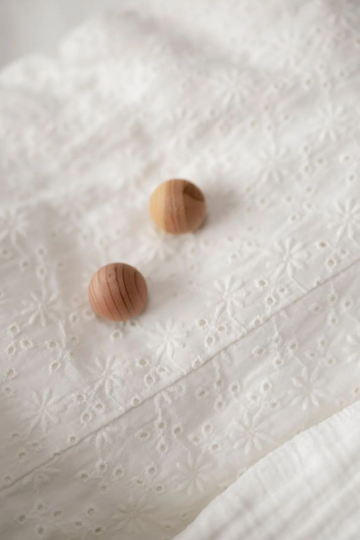 Het hout van Rode ceder ruikt niet alleen heerlijk, het neemt ook vocht op en houdt je kast fris. Ideaal als je in de zomermaanden je winterkleding opbergt. Leg deze cederhouten balletjes tussen je wollen truien en linnengoed in de kast. Maar ook onder kussens en matrassen, in opbergdozen en koffers om alles goed droog en fris te houden. Tip: Wordt de geur minder? Schuur het hout dan even licht op.
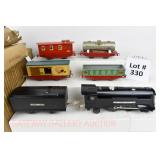 333 Prewar Lionel O Gauge: Components Of Set #236: 262/262T Loco And Tender (Corner Of Pilot Broken And Wheels Missing From Trailing Truck), (2) 607 Pullmans, 608 Observation (All Have Rust On Roofs) 4 Box Remnants
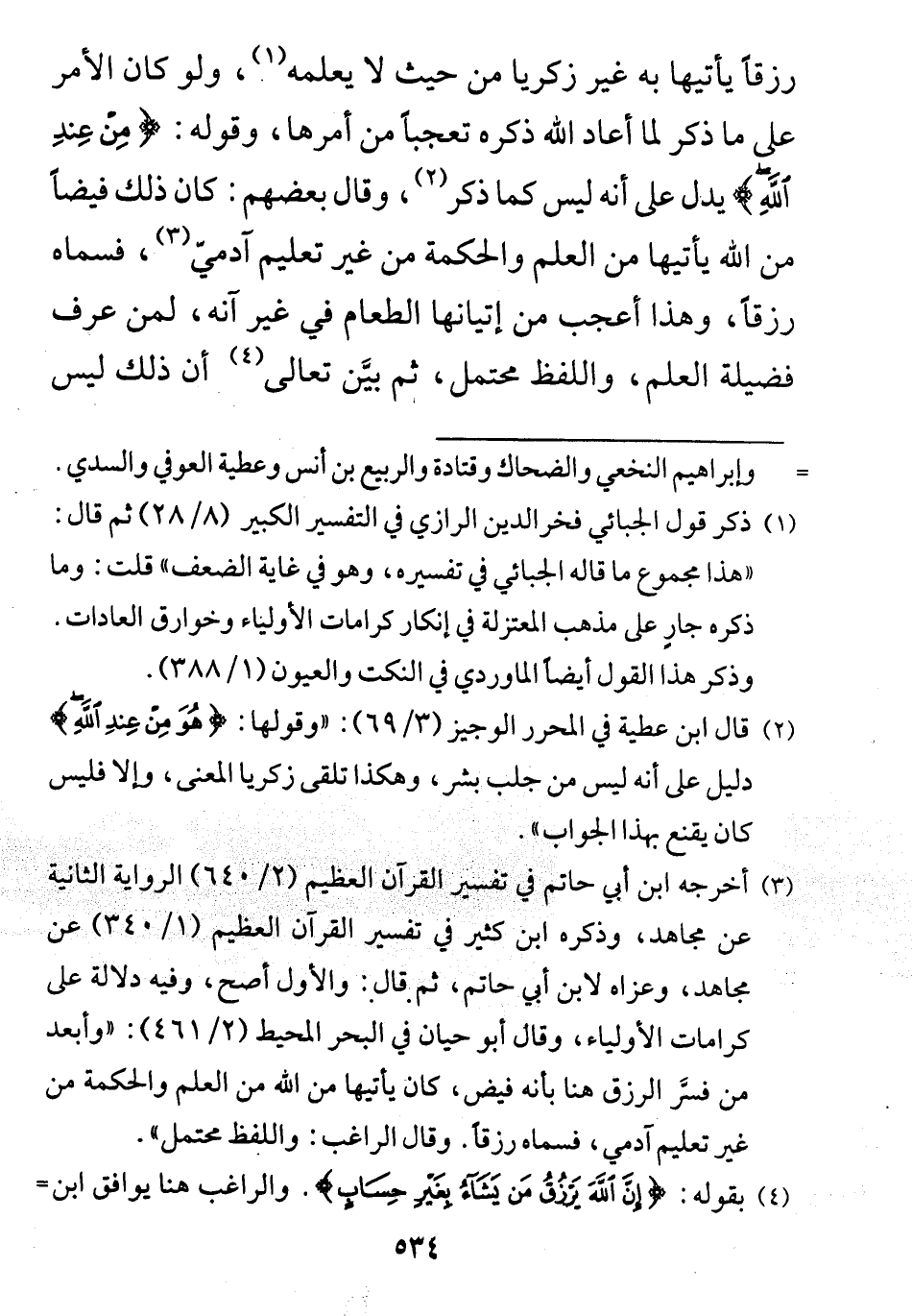 وقال بعضهم: كان ذلك فيضاً من الله يأتيها من العلم والحكمة من غير تعليم آدمي، فسماه رزقاً، وهذا أعجب من إتيانها الطعام في غير أنه، لمن عرف

Task brief - For this exercise, restate the material exactly and skip every picture.

Task response -
 Het hout van Rode ceder ruikt niet alleen heerlijk, het neemt ook vocht op en houdt je kast fris. Ideaal als je in de zomermaanden je winterkleding opbergt. Leg deze cederhouten balletjes tussen je wollen truien en linnengoed in de kast. Maar ook onder kussens en matrassen, in opbergdozen en koffers om alles goed droog en fris te houden. Tip: Wordt de geur minder? Schuur het hout dan even licht op.
 333 Prewar Lionel O Gauge: Components Of Set #236: 262/262T Loco And Tender (Corner Of Pilot Broken And Wheels Missing From Trailing Truck), (2) 607 Pullmans, 608 Observation (All Have Rust On Roofs) 4 Box Remnants
 وقال بعضهم: كان ذلك فيضاً من الله يأتيها من العلم والحكمة من غير تعليم آدمي، فسماه رزقاً، وهذا أعجب من إتيانها الطعام في غير أنه، لمن عرف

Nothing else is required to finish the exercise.